** Opening The data block **

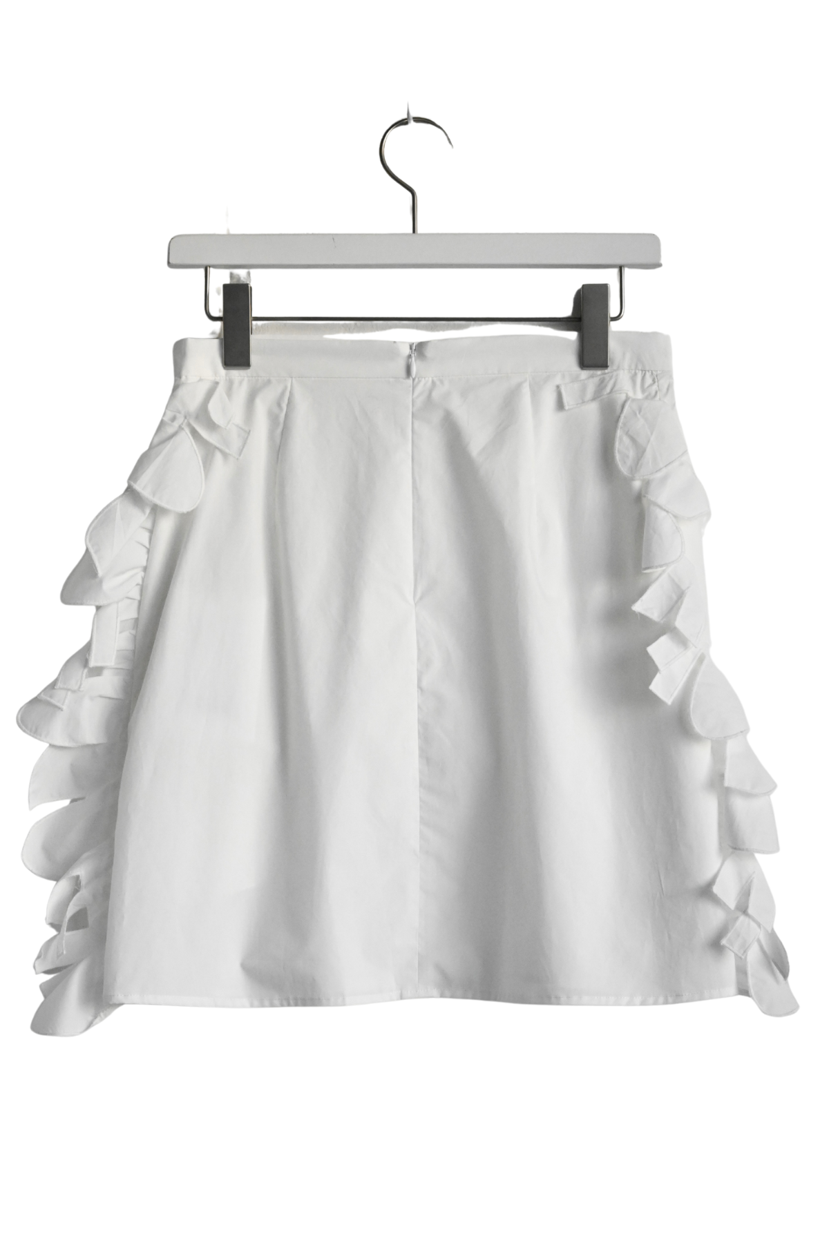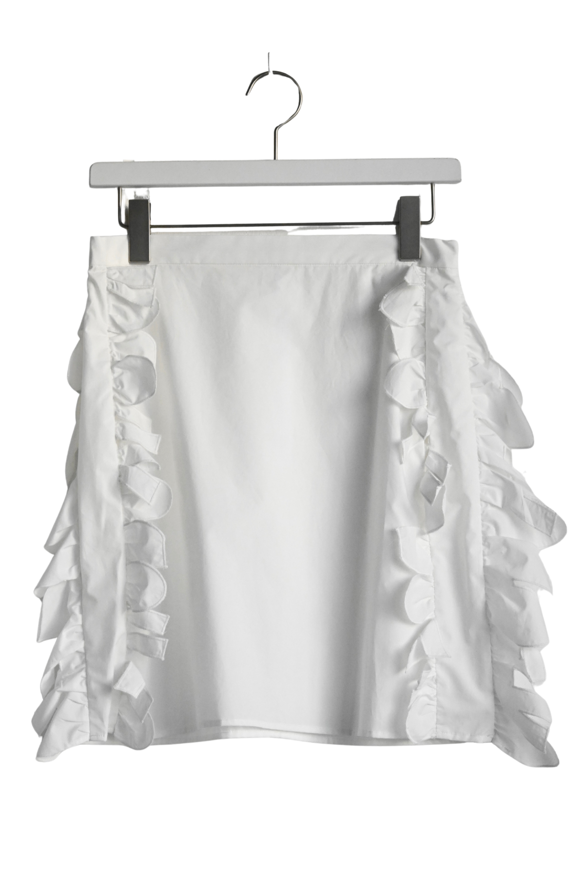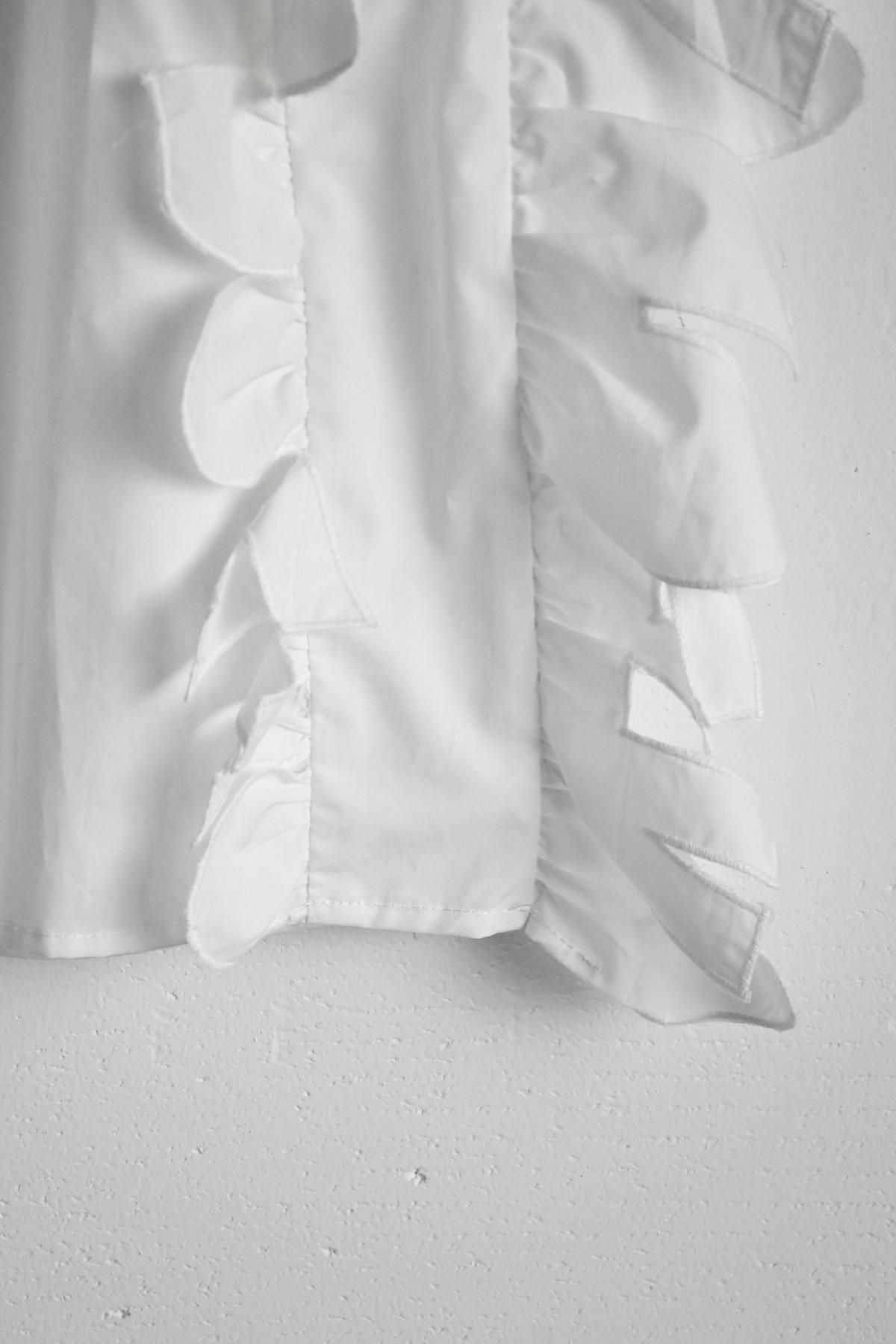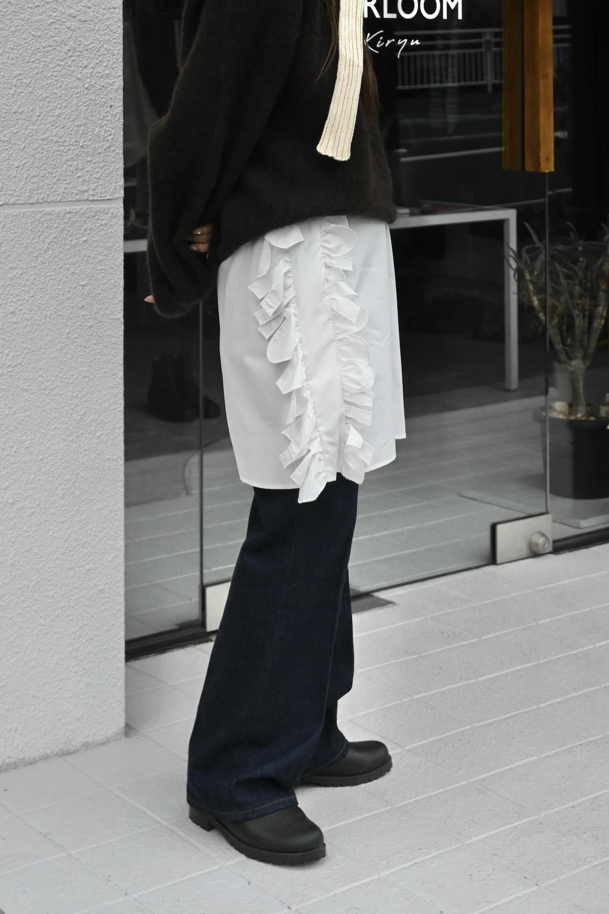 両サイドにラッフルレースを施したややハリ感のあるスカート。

** Closing The data block **
** Opening The data block **

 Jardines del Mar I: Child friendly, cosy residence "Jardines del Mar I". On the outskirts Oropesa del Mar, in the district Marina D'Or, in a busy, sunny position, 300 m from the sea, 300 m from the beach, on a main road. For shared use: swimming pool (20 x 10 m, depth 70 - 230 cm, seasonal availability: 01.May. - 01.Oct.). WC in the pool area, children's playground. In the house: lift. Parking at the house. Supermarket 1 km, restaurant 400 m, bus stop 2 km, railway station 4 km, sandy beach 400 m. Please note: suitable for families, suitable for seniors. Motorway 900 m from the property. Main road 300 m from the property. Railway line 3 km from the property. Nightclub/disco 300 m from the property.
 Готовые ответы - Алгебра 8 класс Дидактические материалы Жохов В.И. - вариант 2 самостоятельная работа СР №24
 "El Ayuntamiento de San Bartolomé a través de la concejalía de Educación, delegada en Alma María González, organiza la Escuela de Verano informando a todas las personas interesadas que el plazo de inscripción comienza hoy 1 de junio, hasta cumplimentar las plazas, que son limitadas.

** Closing The data block **
** Opening The data block **

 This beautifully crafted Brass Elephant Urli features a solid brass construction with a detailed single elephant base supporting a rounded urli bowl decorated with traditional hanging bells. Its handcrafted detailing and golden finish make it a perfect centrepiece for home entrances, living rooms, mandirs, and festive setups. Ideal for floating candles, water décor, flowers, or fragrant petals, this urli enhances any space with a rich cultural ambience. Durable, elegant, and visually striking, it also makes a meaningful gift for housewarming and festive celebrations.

** Closing The data block **

→ **Directions**
In the listing above, find the line with "Jardines del Mar I: Child" and the line with "Готовые ответы - Алгебра"; output exactly those lines and all lines between them.

→ **Solution**
 Jardines del Mar I: Child friendly, cosy residence "Jardines del Mar I". On the outskirts Oropesa del Mar, in the district Marina D'Or, in a busy, sunny position, 300 m from the sea, 300 m from the beach, on a main road. For shared use: swimming pool (20 x 10 m, depth 70 - 230 cm, seasonal availability: 01.May. - 01.Oct.). WC in the pool area, children's playground. In the house: lift. Parking at the house. Supermarket 1 km, restaurant 400 m, bus stop 2 km, railway station 4 km, sandy beach 400 m. Please note: suitable for families, suitable for seniors. Motorway 900 m from the property. Main road 300 m from the property. Railway line 3 km from the property. Nightclub/disco 300 m from the property.
 Готовые ответы - Алгебра 8 класс Дидактические материалы Жохов В.И. - вариант 2 самостоятельная работа СР №24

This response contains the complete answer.